Дельгадо положил наушники на стол, изумленно поднял брови. Похоже, Гарвину удалось вывести ее из сомнамбулического состояния. Более того, она явно устроила ему нелегкую жизнь, хотя могла сражаться только зубами да босыми ногами.
Но только ли зубами и ногами? А что если ей удалось сорвать с себя ремень и застать Гарвина врасплох?
Дельгадо встал из-за стола. Он решил сходить и проверить. На всякий случай.
Вилли с удовлетворением обозревал сцену учиненного им погрома — сдвинутый диван, сброшенные простыни. Жучка видно не было, но Вилли ударом каблука вывел его из строя.
Он повернулся к Модести, вопросительно на нее посмотрел.
— Другого нет, — тихо сказала она. — Я проверяла целый вечер. Дельгадо установил тот жучок днем. Это его работа.
— Ну тогда, похоже, он скоро сам пожалует к нам.
— Да. Подготовь меня, Вилли. Но сначала поставь отметину. Дай пощечину.
Его лоб покрылся испариной, взгляд устремился в пространство.
— Вилли! — В голосе Модести послышались властные нотки.
Он быстро посмотрел на нее и ударил ладонью по не пострадавшей в том поединке с Близнецами части лица. Ее голова дернулась от удара, затем Модести улыбнулась:
— Отлично, Вилли-солнышко. Теперь давай, действуй.
Он взялся за плечо ее платья и дернул. Материя затрещала, платье разорвалось до самой талии. Подхватив Модести на руки, он перенес ее через перевернутый диван и осторожно опустил на пол у стены. Он еще немного наклонил диван над ней, потом подошел к двери, прислушался. Минуту спустя дверь из коридора заскрипела. Вилли быстро направился к качалке и устроился на ручке, скрючившись и прижимая руку к паху.
Дверь открылась. На пороге стоял Дельгадо, за ним маячила Майя, лицо которой выражало тревогу и испуг.

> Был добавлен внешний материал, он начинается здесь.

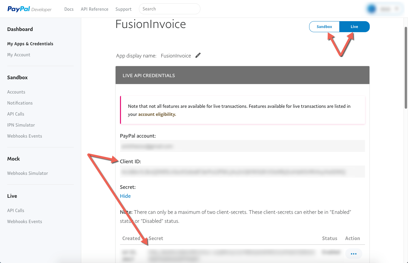 Once the app is created, the Client ID and Secret ID can be obtained. Note there is an option to switch between the keys for Sandbox and Live. Be sure and use Sandbox for testing purposes and Live for production. Also note the Secret ID spans two lines, so be sure the entire key gets copied. Configure the keys in FusionInvoice on the Online Payments tab in System Settings.

Вилли поднял голову и, морщась как от боли, пробурчал:
— Ну, что вам надо? Зачем врываетесь?
— Майе показалось, что у вас тут возникла потасовка, — сказал Дельгадо, и, окинув комнату задумчивым взглядом, с улыбкой докончил: — И она явно не ошиблась. Где наша дорогая мисс Блейз?
— Вон там. — Вилли кивнул в сторону дивана и с болезненной гримасой встал. — Она стала валять дурака, и я врезал ей разок, но это ее не вразумило, и она сама ухитрилась заехать мне ногой. Тут я и слетел с катушек.
— Надо полагать, она если и промахнулась, то самую малость, — снова улыбнулся Дельгадо.
Вилли пропустил шпильку мимо ушей, подошел к дивану, поставил его на ножки и отодвинул от стены. На полу лежала Модести, руки у нее по-прежнему оставались связанными.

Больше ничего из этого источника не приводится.